Exactly and only the lines from the line holding "<p>A contemporary abstract" to the end of the records should be reproduced. Leave pictures out.

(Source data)

***

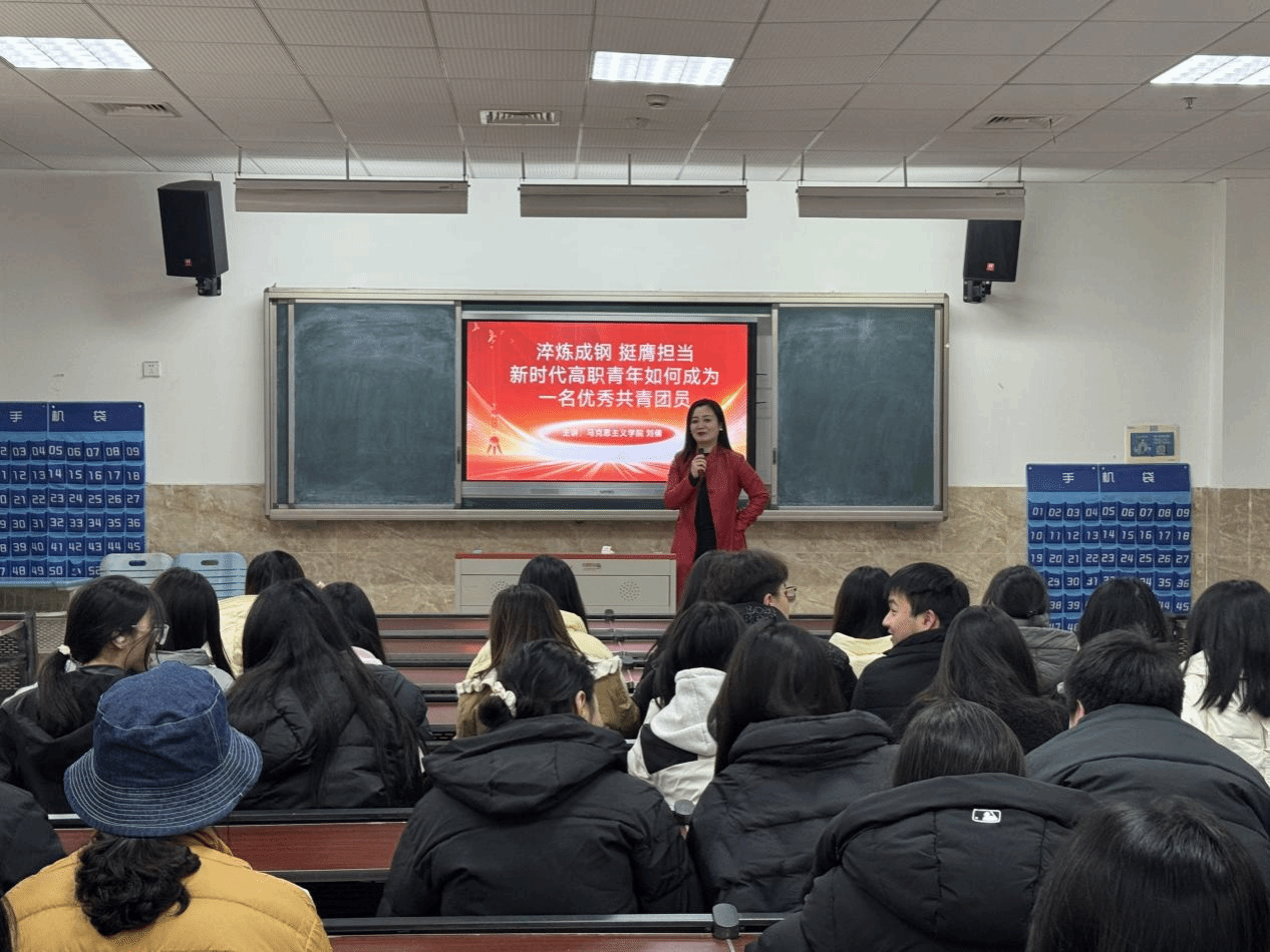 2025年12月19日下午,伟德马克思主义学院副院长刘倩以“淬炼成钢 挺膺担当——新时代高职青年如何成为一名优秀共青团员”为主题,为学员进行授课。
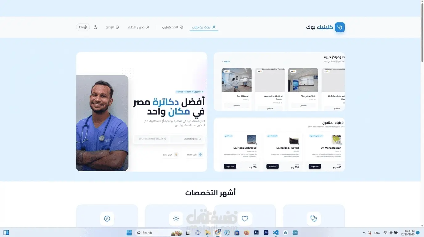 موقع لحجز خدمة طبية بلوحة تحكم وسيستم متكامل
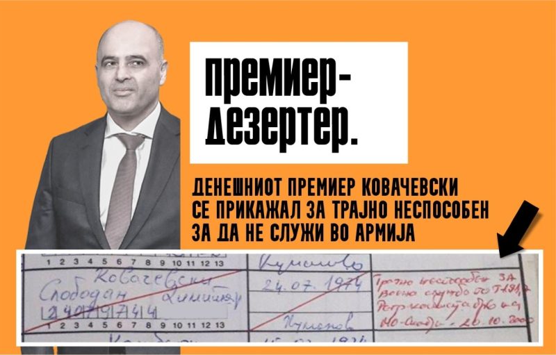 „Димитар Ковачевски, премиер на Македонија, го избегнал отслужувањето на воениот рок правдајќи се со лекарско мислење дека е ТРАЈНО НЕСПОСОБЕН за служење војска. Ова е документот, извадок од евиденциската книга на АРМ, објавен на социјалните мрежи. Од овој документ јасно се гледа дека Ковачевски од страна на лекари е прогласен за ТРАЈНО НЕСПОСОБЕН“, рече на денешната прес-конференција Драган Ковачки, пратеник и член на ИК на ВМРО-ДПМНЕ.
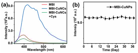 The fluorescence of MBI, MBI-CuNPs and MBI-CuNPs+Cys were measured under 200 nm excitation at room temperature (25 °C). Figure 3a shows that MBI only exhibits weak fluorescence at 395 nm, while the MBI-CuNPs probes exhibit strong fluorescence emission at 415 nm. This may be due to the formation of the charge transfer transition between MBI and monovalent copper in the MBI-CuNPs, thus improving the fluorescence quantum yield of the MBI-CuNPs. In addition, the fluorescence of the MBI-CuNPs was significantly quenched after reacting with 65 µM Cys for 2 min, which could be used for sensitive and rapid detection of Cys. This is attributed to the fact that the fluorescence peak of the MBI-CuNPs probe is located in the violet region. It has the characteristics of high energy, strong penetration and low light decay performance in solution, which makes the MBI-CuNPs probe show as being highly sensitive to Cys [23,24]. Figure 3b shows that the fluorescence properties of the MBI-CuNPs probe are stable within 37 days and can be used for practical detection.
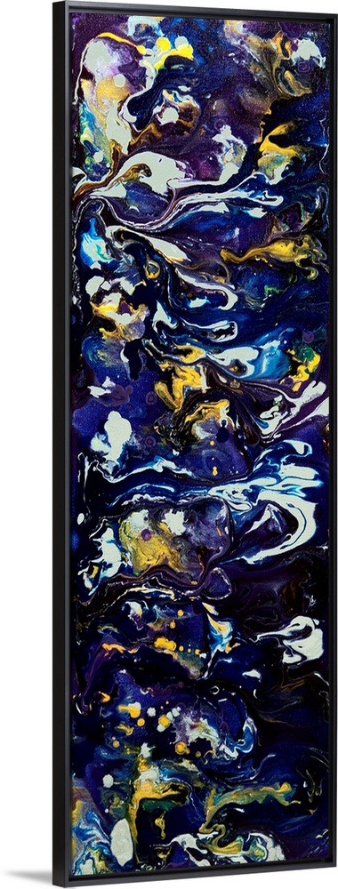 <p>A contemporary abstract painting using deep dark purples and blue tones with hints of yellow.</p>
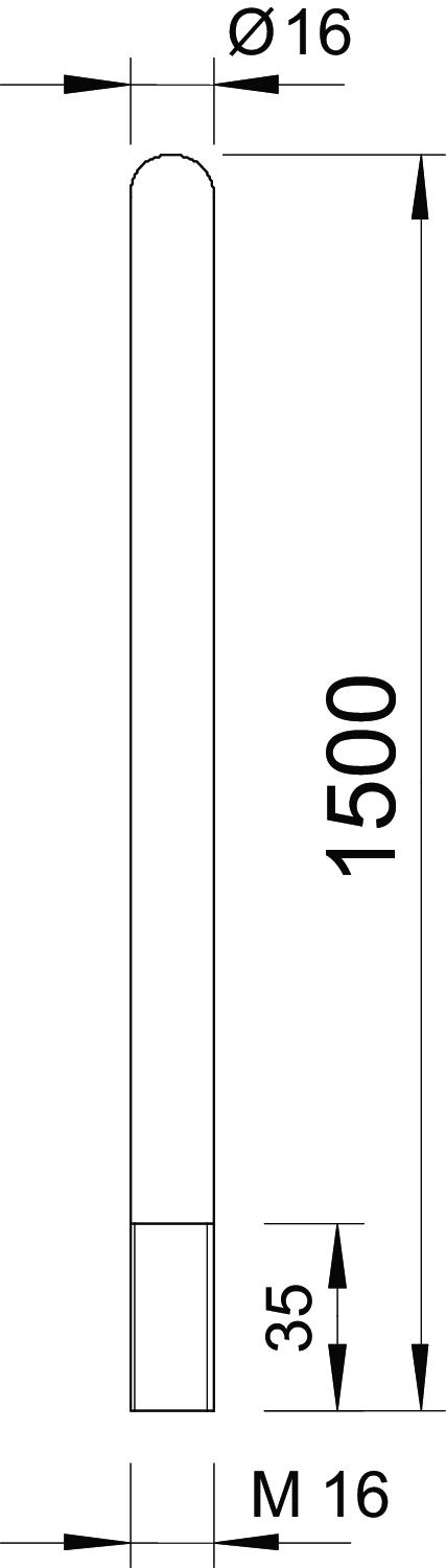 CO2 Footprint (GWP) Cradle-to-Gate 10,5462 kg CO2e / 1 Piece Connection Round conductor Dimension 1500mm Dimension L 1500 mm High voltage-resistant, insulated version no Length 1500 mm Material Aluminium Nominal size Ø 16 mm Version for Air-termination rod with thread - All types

***

__OUTPUT OF THE TASK__
 <p>A contemporary abstract painting using deep dark purples and blue tones with hints of yellow.</p>
 CO2 Footprint (GWP) Cradle-to-Gate 10,5462 kg CO2e / 1 Piece Connection Round conductor Dimension 1500mm Dimension L 1500 mm High voltage-resistant, insulated version no Length 1500 mm Material Aluminium Nominal size Ø 16 mm Version for Air-termination rod with thread - All types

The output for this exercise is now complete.